Graphite (the time series stats database) and Grafana (the brilliant visualisation tool) both have excellent documentation that tells us how to operate the software, but simply knowing how to use a tool does not mean you truly grok it.
This is a collection of tips and suggestions to help your use of these tools be easier and more meaningful.
1. Summarise all graphs by a templated interval to allow easy control of data granularity
Grafana is pretty good at trying to guess the interval at which you want to summarise your data, but it doesn’t always get it right.
The default interval (1 minute)
An overridden interval of 1 hour
Trends in the data can be made more obvious by viewing it at a different level of detail.
2. Use Points Draw Mode to make sparse data more visible
On sparse data, data points can appear as lines of zero length and be completely invisible. Enable the Points draw mode to make isolated stats stand out.
I recommend a width of 1 to ensure that the points merely point the data out and do not blend together, hiding the true data.

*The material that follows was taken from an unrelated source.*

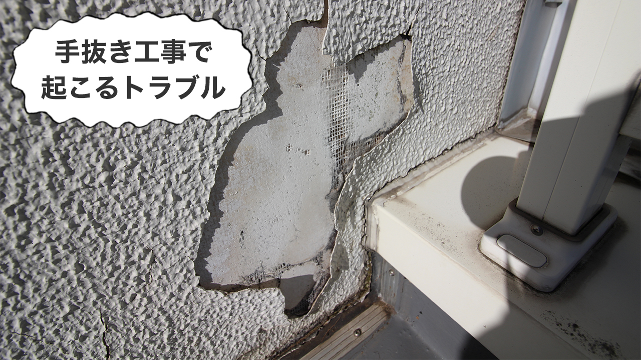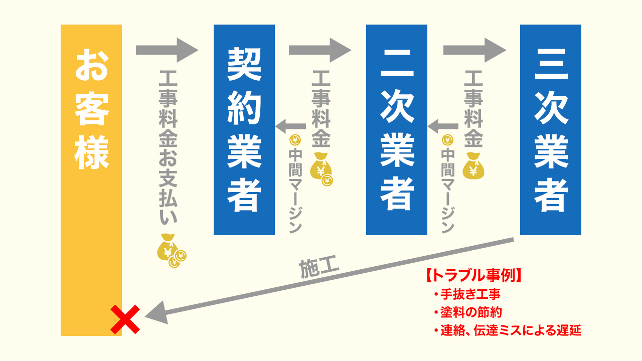 それにより、工事料金が高めに見積りされているケースや、 中間マージンが抜かれた後の末端の業者さんによる手抜き工事や塗料の節約(末端の業者もできる限り利益を出したいため) などによるトラブルが後を絶ちません。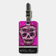 Shock rosa faux glitter är giftigt, elegant och chic. Sockerskallen firar Dia de los Muertos. Resa i stil med ett bagagetagg i monogrammet. Det är enkelt att uppdatera information om fronten och kontakten på baksidan med fet monogram.

3. Repeat panels and graphs for similar data
Standardise your stats, then use repeated Panels for repeated stat types. e.g. for each dependency, show timings, counts and errors.

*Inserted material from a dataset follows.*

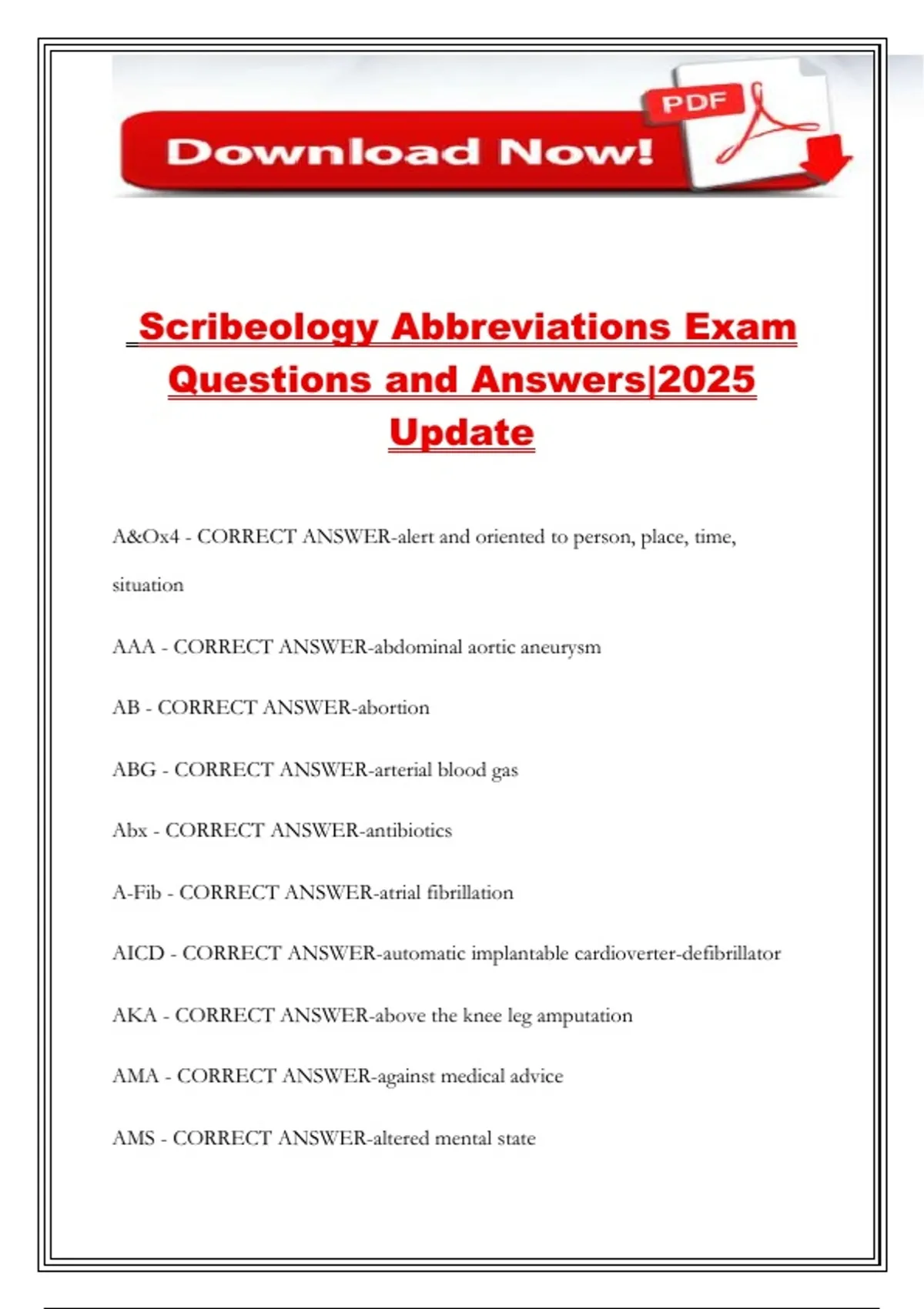 Scribeology Abbreviations Exam Questions and Answers|2025 Update

You can use template variables to create a list of options (even discover the available stats from your graphs), then configure a graph or panel to repeat for each item in the list.

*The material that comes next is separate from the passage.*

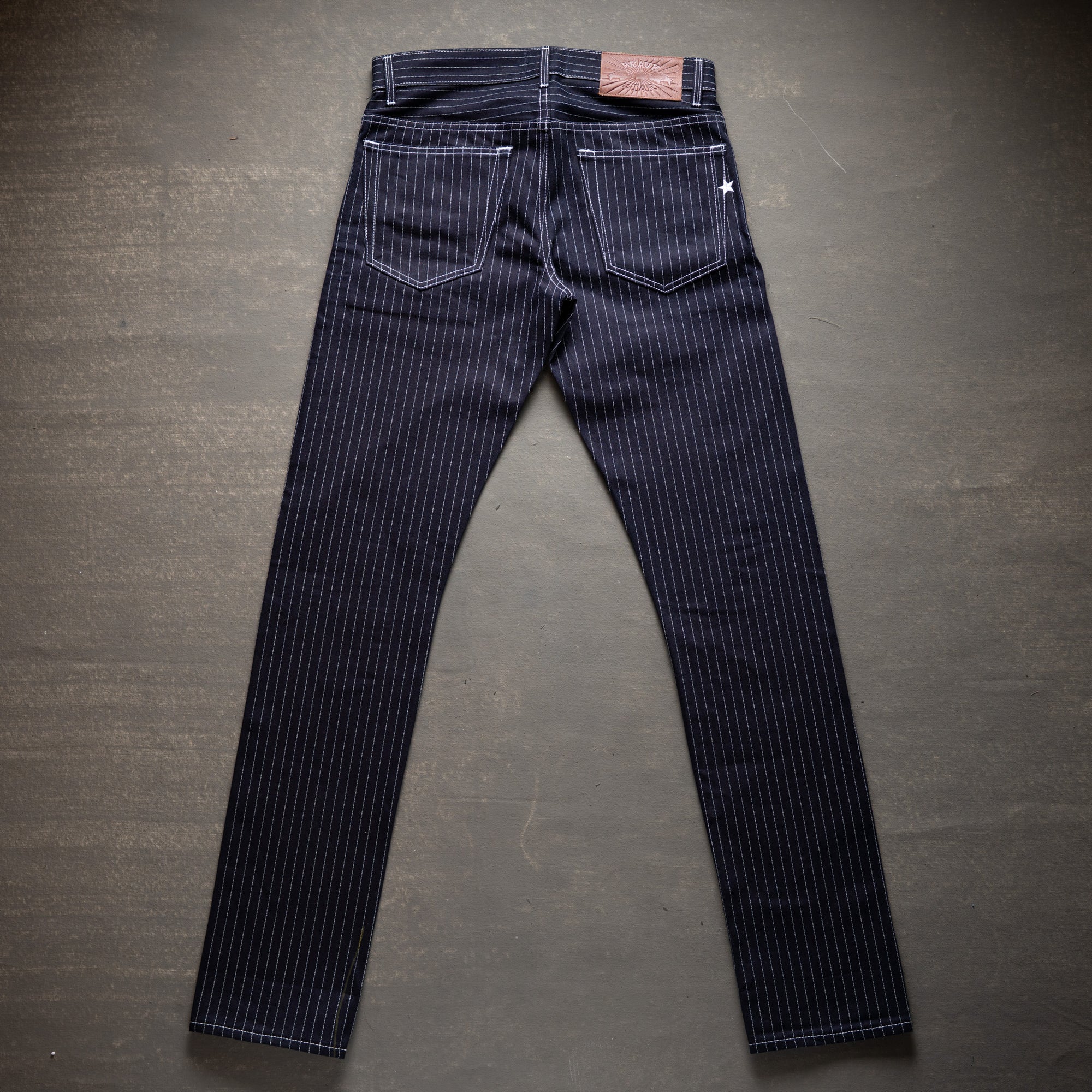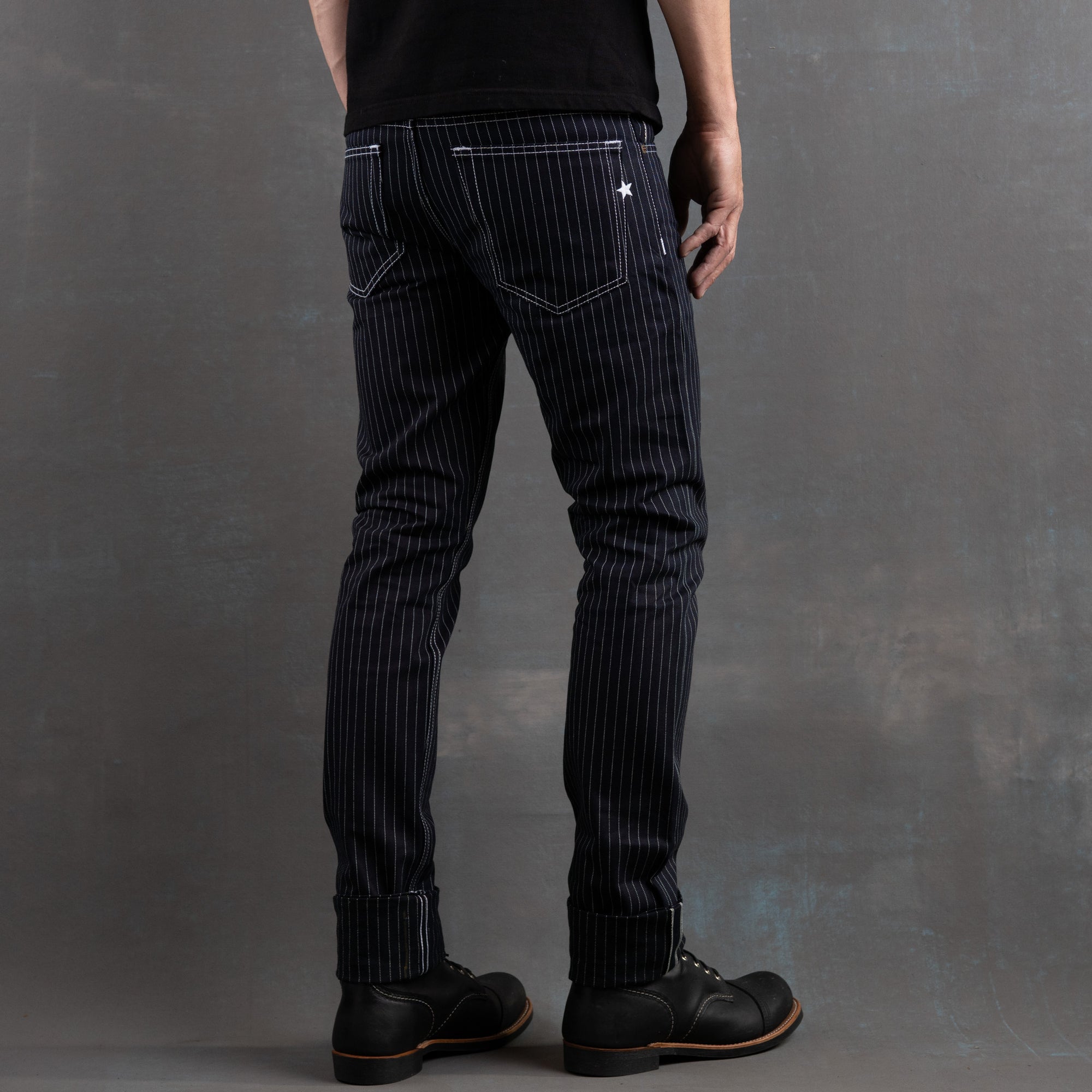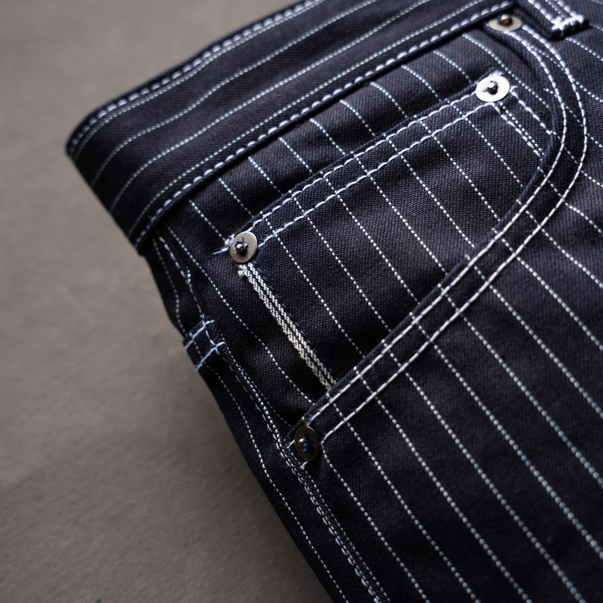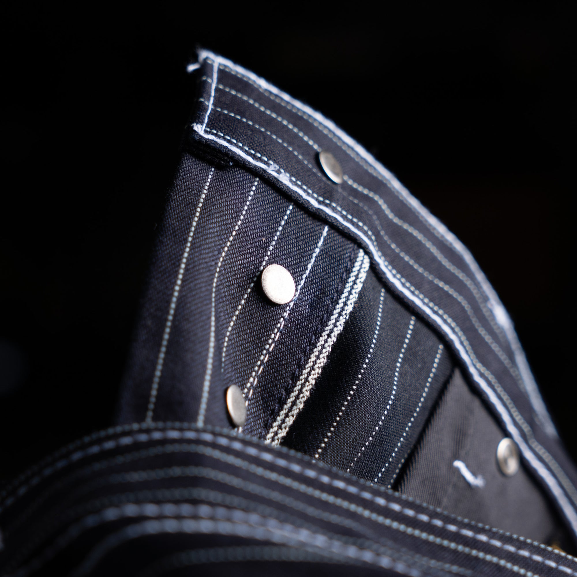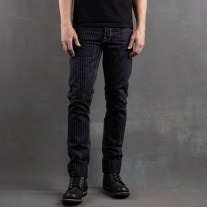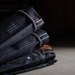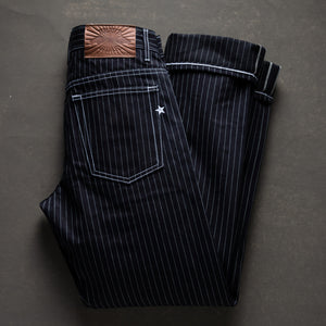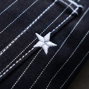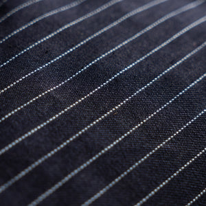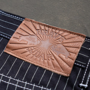This limited release of 'Wabash' Selvage Denim is a unique blend of indigo warp x black weft in a 14oz weight. It's this combo that produces the intensely dark face that allows for the Wabash pattern to contrast so vividly. The history of the Wabash pattern goes back further than that of denim, to the glory days of the railroad system in the United States. By the 1930's it was widely adopted as a standardized work wear pattern in most uniforms for service oriented jobs.

Maintaining duplicate graphs will just give you a headache.
4. Share Snapshots
Dashboards and their data are changing all the time. If you share a link to a dashboard, the graphs may be changed or the data may be archived or reaggregated in future, meaning that your link may no longer show the information you wanted to share.
Share a snapshot instead. Grafana will store your data and protect it from change so that it can be referenced from documentation or incident management with confidence.
5. Use non-linear scale for timings to make highly variable data understandable
Linear scale on the Y axis can often hide data. Outliers can cause the fine detail of the data to be invisible.
Using Log2 as the scale for the same data shows that the different data series are not exactly the same, and that smaller, but still significant spikes are more common.
1. Never transform null timings to zero
In a sparse data set, it’s tempting to guarantee that your data does not have huge gaps in it. When counting a stat, e.g. requests per second, a gap in the data means that you got no requests. In this case applying transformNull(0) makes sense, filling in the gaps in the visualisation.
Applying this function to timings, however is positively misleading. It would give the impression that, for periods of time, the timings were 0.
It now appears that our timings are very spiky and unreliable, which might not be the case.
A gap in latency stats does NOT mean that the latency was 0. It means that no data was available. The gaps in the visualisation tell us that we are not able to answer any questions during that period.
Omitting transformNull(0) from timing graphs highlights the present and absence of data much more clearly.
Lack of data should not be hidden. Think carefully before transforming data to ensure that the transformation does not obscure the meaning of the data. Graphs are about making information visible, not hiding it.
2. Applying transformNull(0) before aggregation changes the meaning of the aggregation
3. Always specify your units
Always specify the unit of time, e.g. summarise(), movingAverage(), the default is the number of data points included.
On sparse data, the last N data points may be 100 seconds or 100 minutes, you won’t know unless you double check the graphs generated against the source data.